That will do, Leitha,
Emmy said quite firmly.
“Well, aren’t you?” Leitha’s blue eyes went innocently wide.
I said that will do!
“Yes, ma’am.” Then Leitha laughed.
I don’t want any clever remarks from you either, Althalus.
“I didn’t say anything, Em.”
Well, don’t.
They crossed the mountains of Kweron and rode down into Hule without incident. Despite Emmy’s reassurances, Althalus pushed their horses as much as he dared. The idea of being caught by an early snowstorm in northern Kagwher didn’t appeal to him very much. Better, he felt, to arrive a week or so early than half a year late.
They avoided the few settlements in Hule and made good time. Despite his objections to “civilization,” Althalus was forced to admit that roads
did
make travel somewhat easier and much faster.
It was late autumn by the time they reached the foothills of Kagwher, and they’d been together as a group for more than a month now. They’d all grown accustomed to Andine’s vocal extremes and to Eliar’s overwhelming interest in food. Althalus and Bheid had smoothed over some of Gher’s rough edges, and on several occasions they’d found Leitha’s special ability quite useful, particularly when they wanted to avoid contact with local inhabitants. Leitha’s melancholy was no longer quite so pronounced, and she and the sometimes explosive Andine had grown very attached to each other.
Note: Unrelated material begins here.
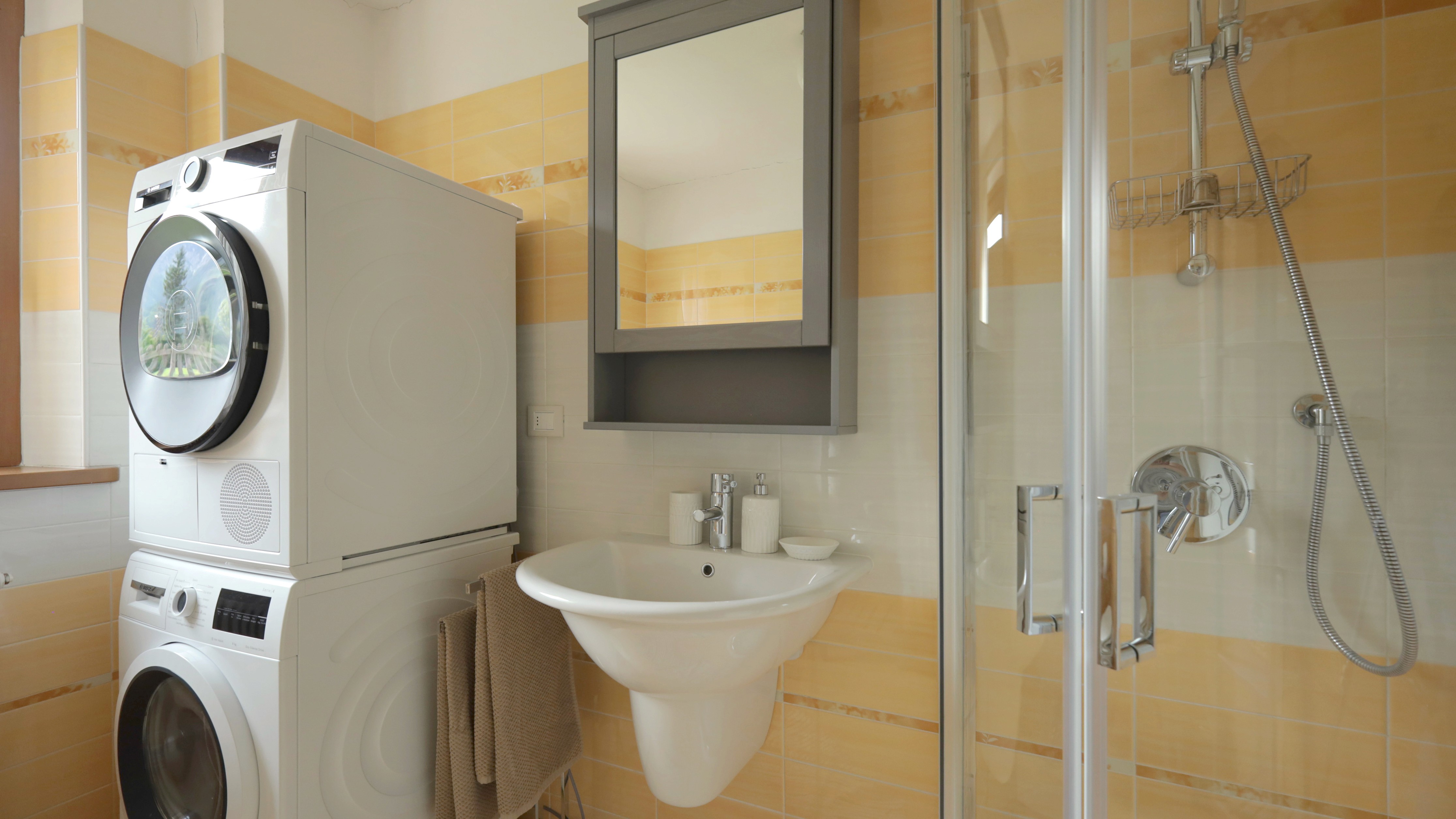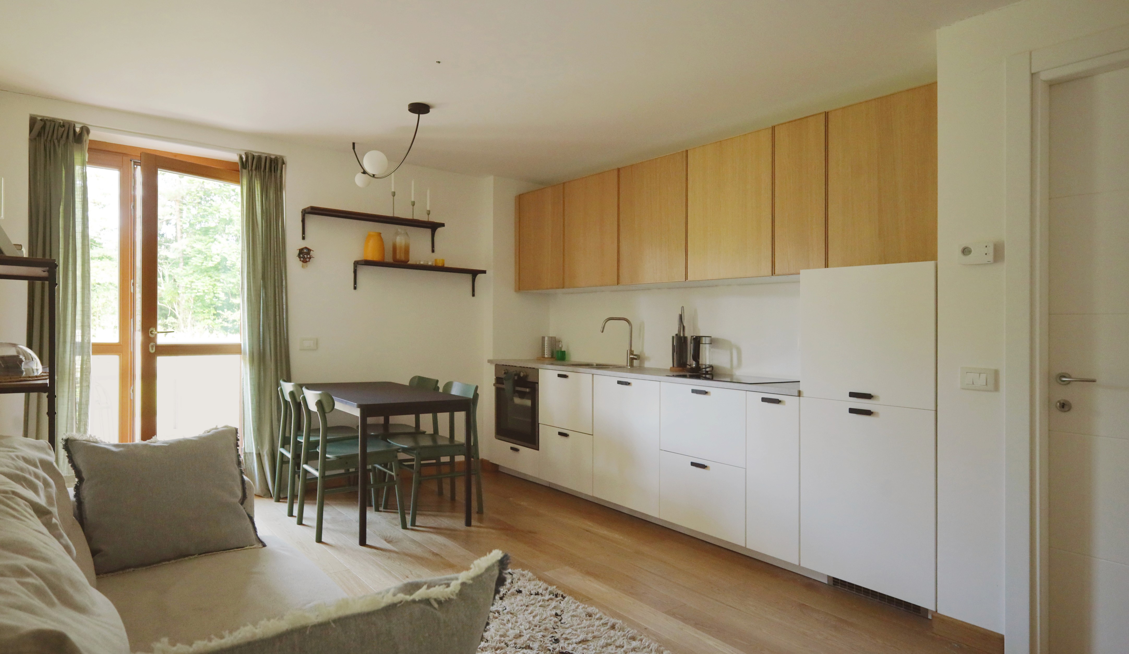 Our modern kitchen is fully equipped with everything you need to cook a great meal. It has sleek white cabinets, plenty of storage, and a dining table for four. Because it connects directly to the living room, you can cook and chat with your friends at the same time
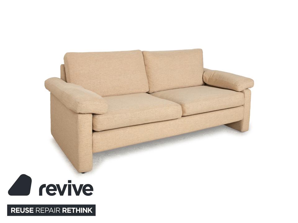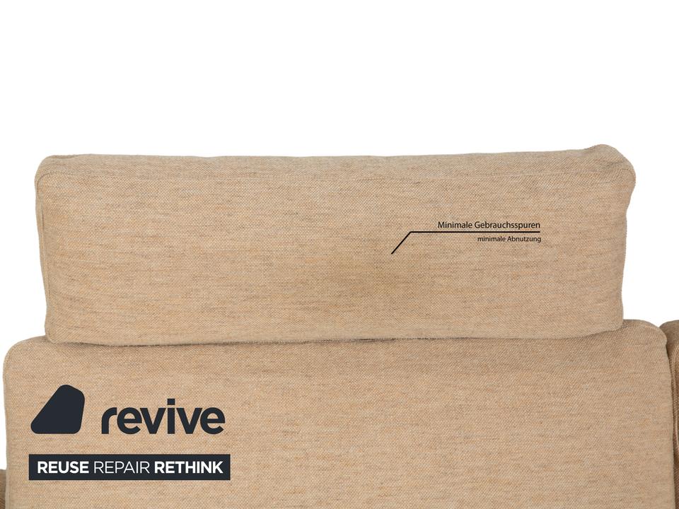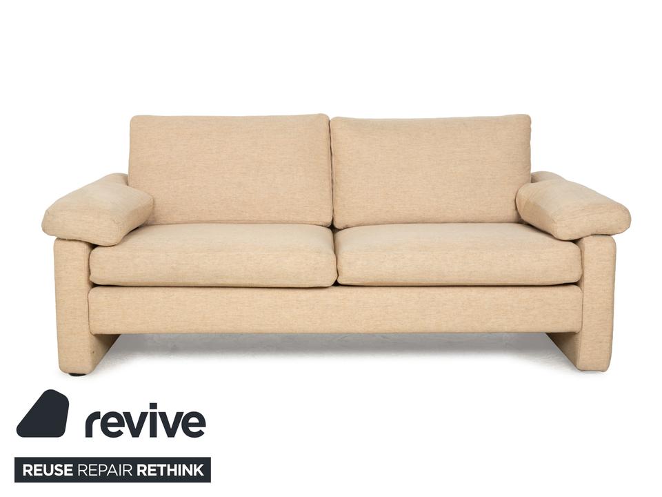 Das Sofa Conseta von Cor ist ist mit einem beigefarbenen Stoff bezogen und steht auf bodentiefen Seitenteilen. Der Zweisitzer zeichnet sich durch sein klassisches und unaufdringliches Design aus, das ihn zusammen mit der neutralen Farbe zu einem einfach kombinierbaren Möbelstück macht. Breite Armlehnen, großzügige Polsterung und versetzbare Kopfstützen versprechen hohen Komfort.

They turned toward the northeast at the indistinct frontier between Hule and Kagwher, and they more or less followed the same route Althalus had taken some twenty-five centuries earlier on his journey to the House at the End of the World.
“Things were a lot different then,” he reminisced to Bheid one afternoon when they were nearing the precipice he still thought of as “the Edge of the World.”
“It
was
quite a while back, Althalus,” Bheid noted.
“Why, I
do
believe you’re right,” Althalus replied in mock astonishment.
“All right,” Bheid said, laughing. “I was being obvious, wasn’t I? Sometimes I get this overpowering urge to preach little homilies.”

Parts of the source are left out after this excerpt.